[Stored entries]
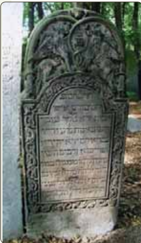
רבים השיב מעוון. המצבה בוורשה
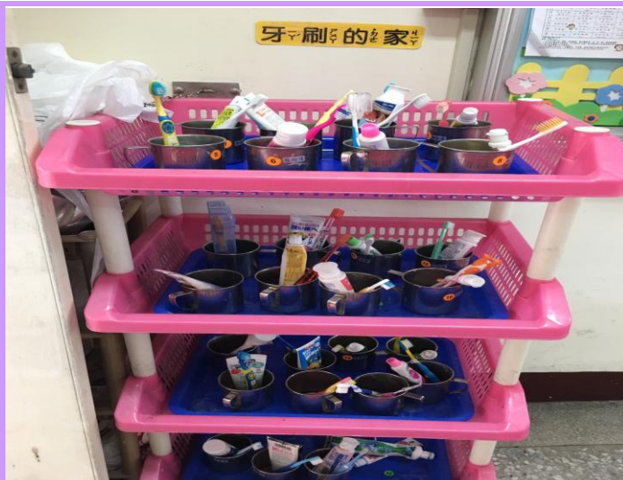
班級潔牙用具專區擺放
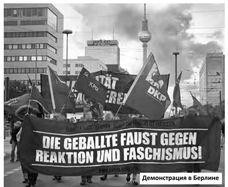
Демонстрация в Берлине
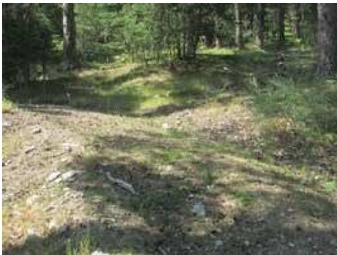
Pista de la izquierda a ascender hacia Navalazor
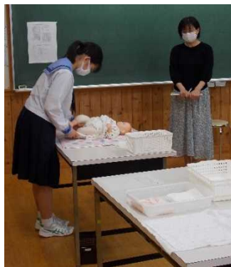
家庭看護技術 2 級 おむつ交換の様子
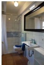
Das Duschbad im Erdgeschoß
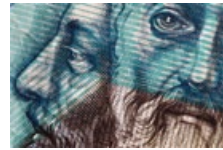
54 Slowakei: 50 Kronen, 2005: Kyrill und Method, die Brüder Konstantin (um 827–869) und Michael (um 815–885) aus Thessaloniki, christliche Missionare, entwickelten das kyrillische Alphabet.
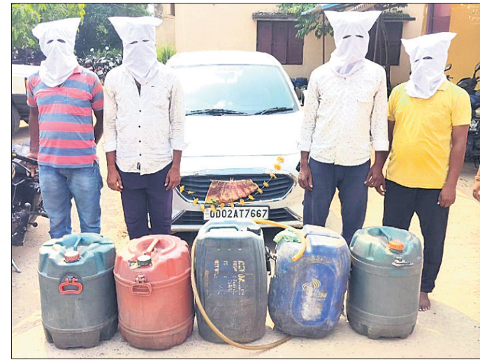
ଜବତ ଡିଭେଲ ସହ ଗିରଫ ଅଭିଯୁକ୍ତମାନେ ।
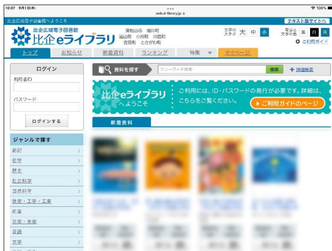
比企広域電子図書館「比企eライブラリ」ホームページ
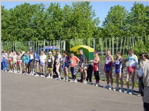
スタート前、全員集合
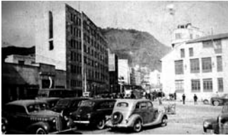
Imagen 4. San Victorino, 1947
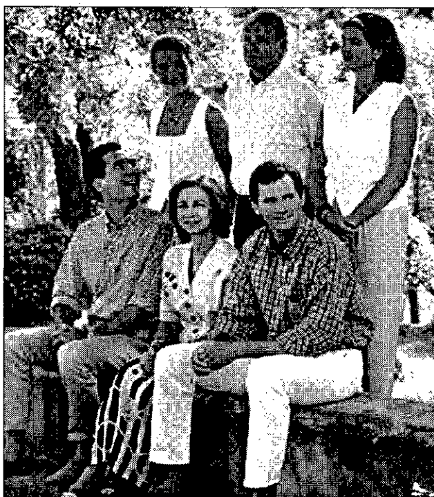
LA FAMILIA La Infanta Cristina no se había casado. Urdangarín vino luego.
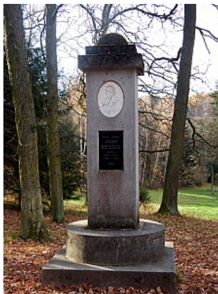
04 památník J. Ressela

→ WHAT YOU ARE ASKED TO DO: Reproduce the lines of the data that run from the one containing "比企広域電子図書館「比企eライブラリ」ホームページ" to the final line, both included, exactly as they appear and without the pictures.

→ RESPONSE:
比企広域電子図書館「比企eライブラリ」ホームページ
スタート前、全員集合
Imagen 4. San Victorino, 1947
LA FAMILIA La Infanta Cristina no se había casado. Urdangarín vino luego.
04 památník J. Ressela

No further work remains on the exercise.